Task details – Repeat everything in the listing exactly, except for the images.

Exercise data –

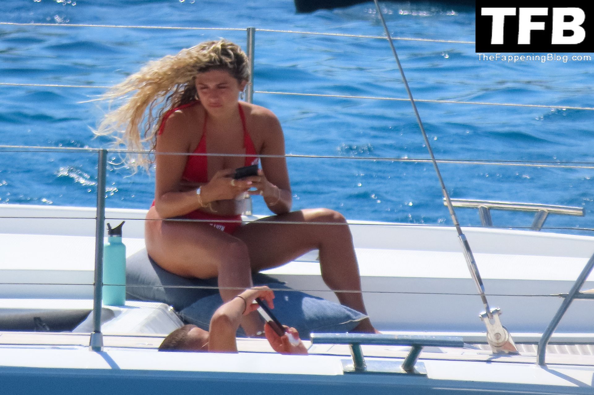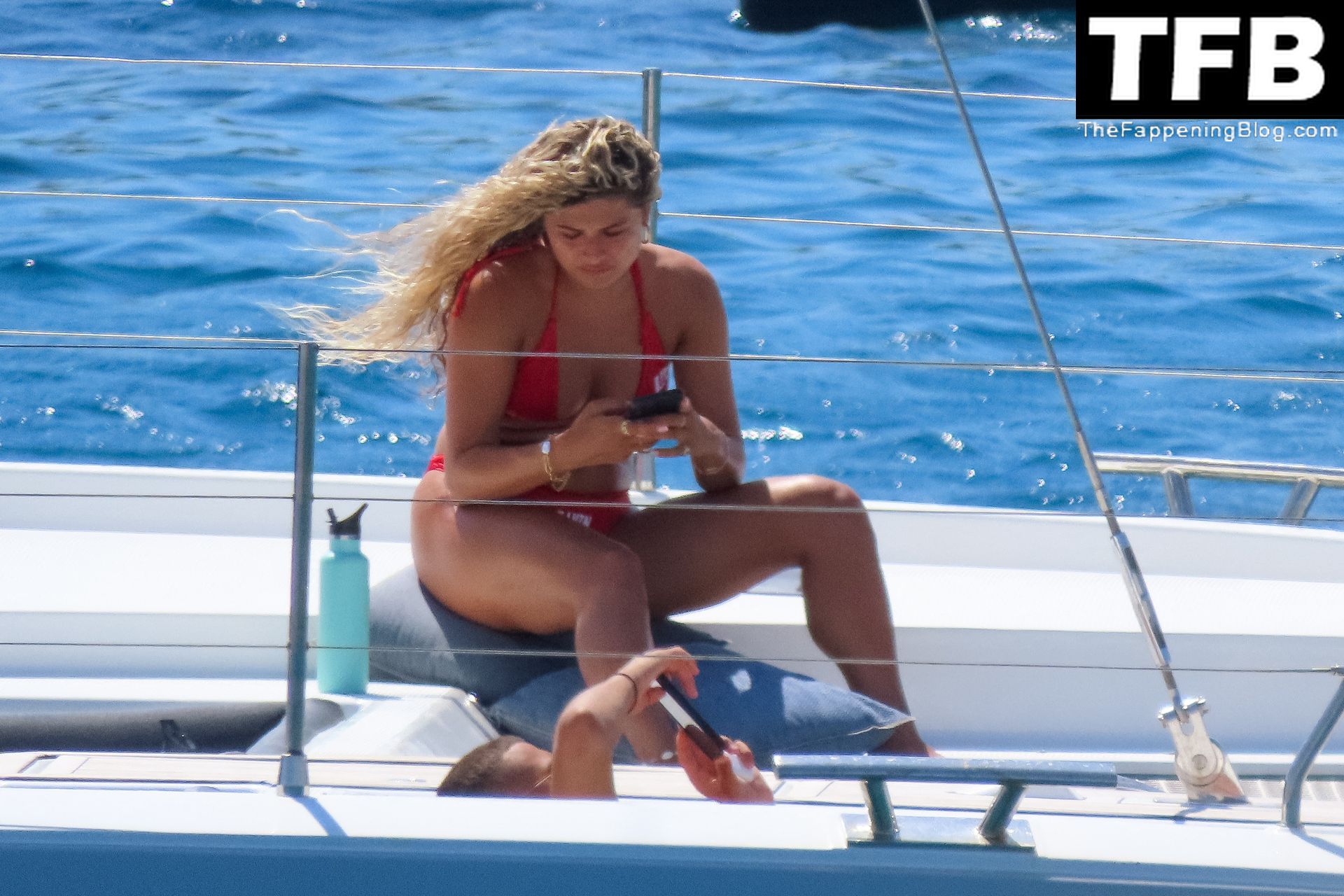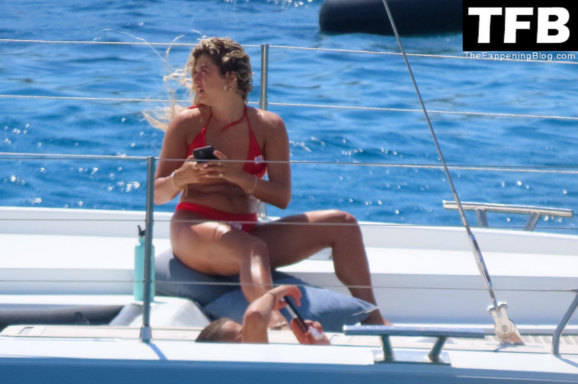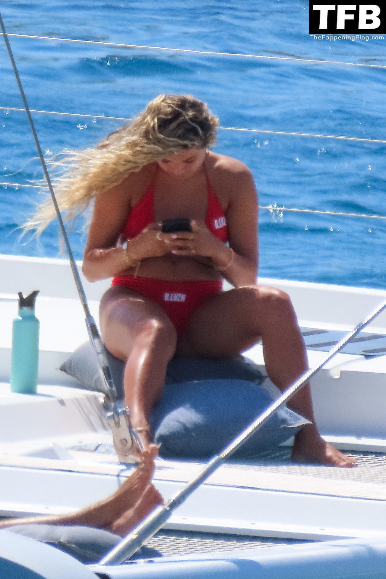 ¡Un día en catamarán en Mykonos! Se ve a Tonia Buxton con un bikini negro en el catamarán con Antigoni Buxton, 21/08/2022.
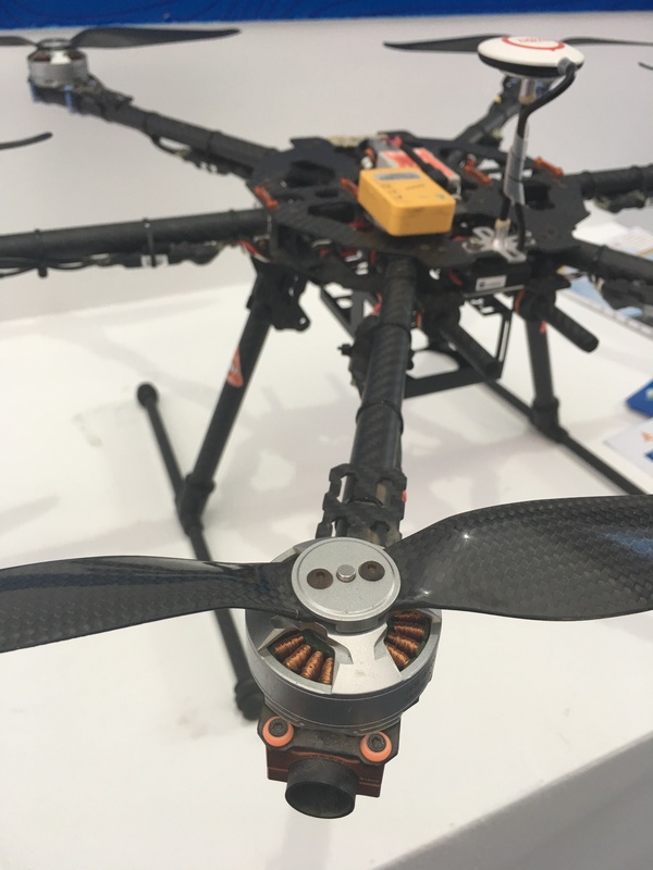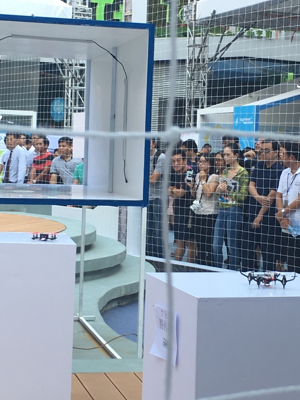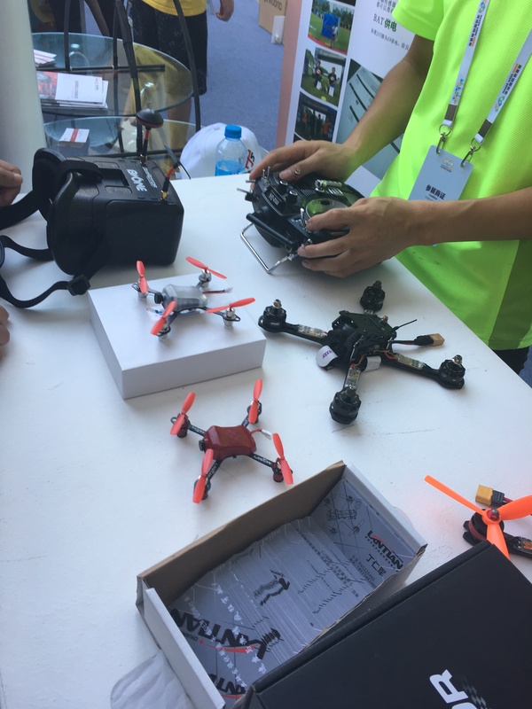 进入主会场,我们惊喜的发现,主会场里展示最多的科技成果就是无人机及其周边产品。据会场工作人员介绍,在无人机展演区里,共有国内外16家无人机相关厂商参展,展演机型多样性广,从常见的消费级航拍机、用于竞技的FPV穿越机、大型农用植保机到工业级无人机,另外还有图传、全景摄像、视频眼镜等无人机周边产品,行业内品种非常齐全。
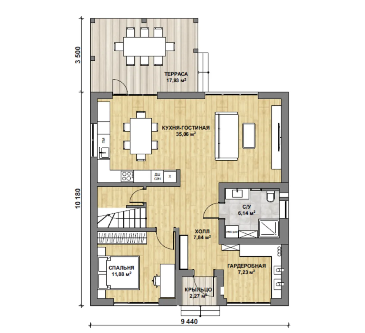 Совмещенная кухня-гостиная

Solved exercise –
 ¡Un día en catamarán en Mykonos! Se ve a Tonia Buxton con un bikini negro en el catamarán con Antigoni Buxton, 21/08/2022.
 进入主会场,我们惊喜的发现,主会场里展示最多的科技成果就是无人机及其周边产品。据会场工作人员介绍,在无人机展演区里,共有国内外16家无人机相关厂商参展,展演机型多样性广,从常见的消费级航拍机、用于竞技的FPV穿越机、大型农用植保机到工业级无人机,另外还有图传、全景摄像、视频眼镜等无人机周边产品,行业内品种非常齐全。
 Совмещенная кухня-гостиная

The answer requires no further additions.